An open question for the field of EV glycomics is whether a given sample will be uniformly glycosylated or whether intervesicle differences are important. For example, total EV population analyses are the norm for the studies described herein whereas stratification of vesicle samples into subpopulations may reveal a more nuanced glycosylation landscape. Single vesicle glycan analyses are an attractive concept in this regard but glycomics methods have not yet reached sufficient sensitivity to achieve this. The hypothesis of glycan subpopulations is supported by a recent publication from the Griffin group showing different glycan profiles for uEVs isolated through either tetraspanin-targeted antibodies or a broad mixture of lectins [108]. This research links to a broader question on the impact of isolation methods on EV samples. To elaborate, many comparison studies have been performed to systematically examine the impact of methods such as ultracentrifugation, chromatography, ultrafiltration and commercial isolation kits on the protein and RNA cargoes of EVs [109-111] but these have not addressed exosome glycosylation. Lectin-based purifications could confer a bias in this regard but for other methods the effect of glycosylation on exosome isolation is less certain. Earlier work from the Griffin group found that uEVs isolated by ultracentrifugation, ultrafiltration and density gradient purification all exhibit similar glycosylation profiles, as assayed by lectin microarrays [47]. Further studies that employ other glycomics techniques are needed to confirm that isolation methods do not significantly impact glycan content.

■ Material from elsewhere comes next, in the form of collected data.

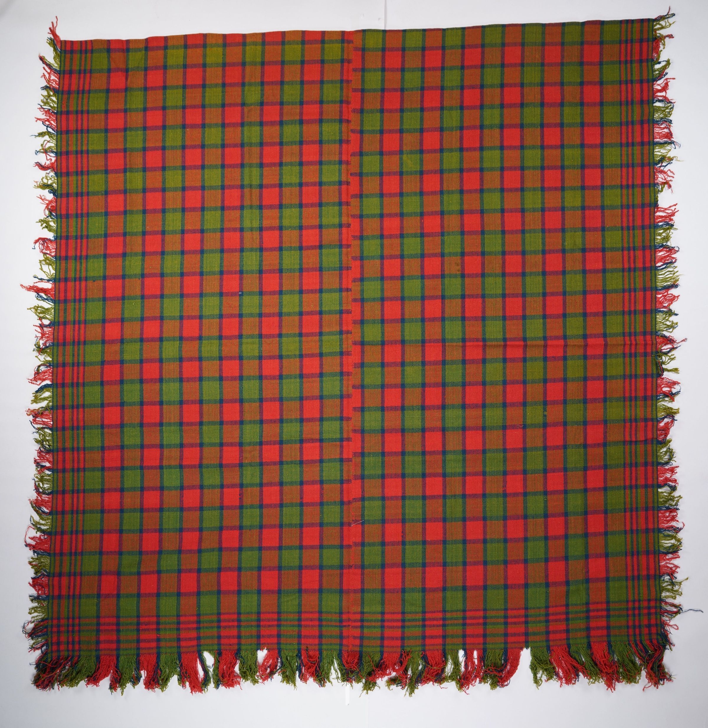 Green, navy, and red geometric twill coverlet with border and self-fringe on three sides. Two joined panels.
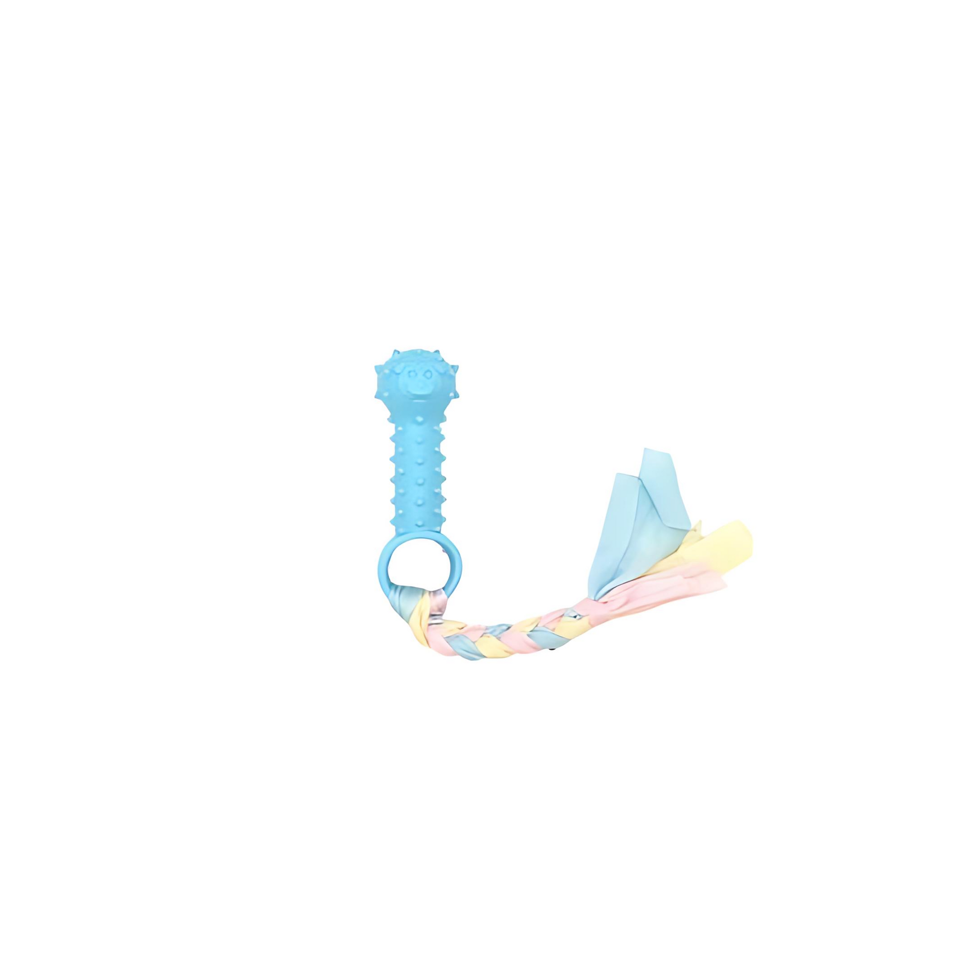 This fun, multi-texture toy features a soft yet durable blue rubber ring and bone-shaped chew piece, both designed with gentle bumps to support healthy chewing and help clean your dog’s teeth. Connected by a colorful pastel fabric braid, it’s ideal for tug-of-war, interactive play, and light chew sessions.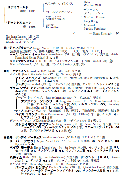 父:ステイゴールド 母:ジャングルムーン(母父:Sadler's Wells)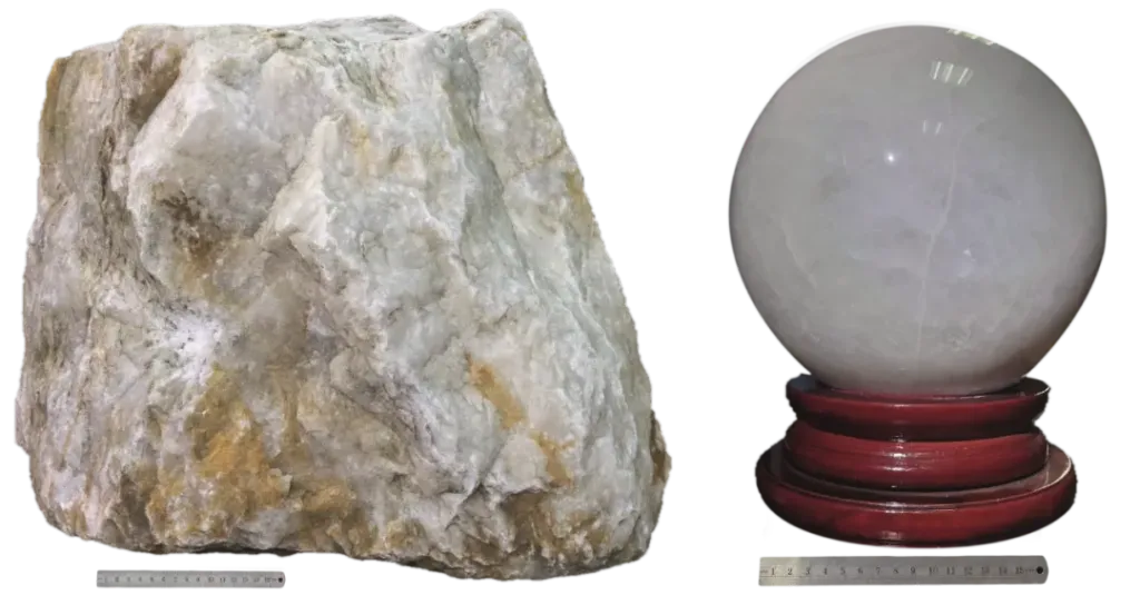 我國(guó)脈石英高純石英優(yōu)質(zhì)原料或A級(jí)礦(左)和安哥拉脈石英加工的石英球(右)。成都自然博物館(成都理工大學(xué)博物館)/ 藏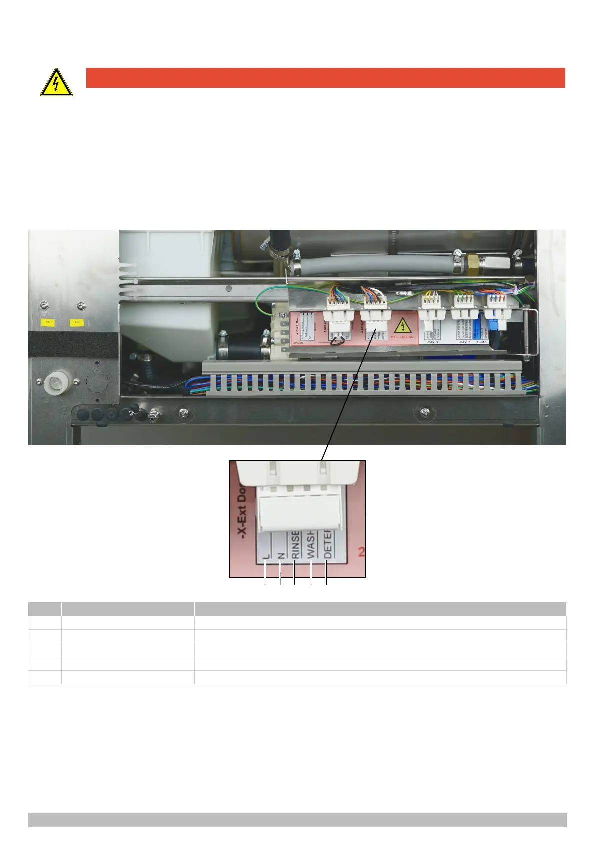 Note:Maximum current drain at the transfer strip: 0.5 A. Connect only external dosing devices with their own fuse protection.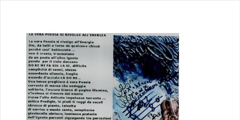 La vera poesia si rivolge all’Energia Dio, da tutti o forse da qualcuno chissà perché così battezzata … non è creata, trasmutano da un poeta all’altro ignote parole per il cielo danzano DO RE MI FA SOL LA SI, difficile semplicità di suoni, stesso assordante silenzio, fragile accordo d’acciaio LA DO MI … Una tenue preghiera è vera Poesia corrente di marea che ondeggia solitaria, l’oscuro bianco di pagina illumina, s’insinua si rinnova dal niente ricrea l’alto delicato impetuoso torrente … antico Prodigio, in piedi ti reggi da secoli sbronzo di pianto, talvolta di sorriso e mesto canto, sempiterno giovincello ubriaco; luminose praterie dell’Ignoro percorri zigzagando tra percezioni tortuose incatenate/liberi versi a mezzavia sospesi tra l’aereo sovversivo e l’antica azione terrena di equilibrata, sana follia.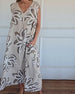 SPEZIFIKATIONEN Stil: Zwanglos Material: Baumwollmischungen Kleid Typ: Gerades Kleid Kleid Länge: Maxi Ausschnitt: V-Ausschnitt Muster Typ: Geometrischer Druck Ärmel Typ: Regulärer Ärmel Ärmellänge: Kurze Ärmel Passform Typ: Normal Jahreszeit: Frühling,Sommer Anlass: Täglich Paket enthält: 1 x Kleid GRÖSSENTABELLE (cm) Größe Brsutmfang Länge...

EV glycobiology holds yet more open questions. In terms of quantity, the relative contribution of the different glycoconjugates to the extravesicular surface is uncertain. However, one estimate states that there are more glycosphingolipids molecules than proteins on the surface of PC-3 exosomes [58]. The fate of EV glycans is also a potential matter of interest – what happens to the glycans following uptake by recipient cells. They may be functioning as metabolic regulators, particularly in the case of O-GlcNAcylated cargo proteins. This is a nontrivial possibility as intracellular glycans have even been implicated in cell apoptosis pathways [112]. As glycomics gains greater prominence in the EV field, it is expected that these questions and more will be answered.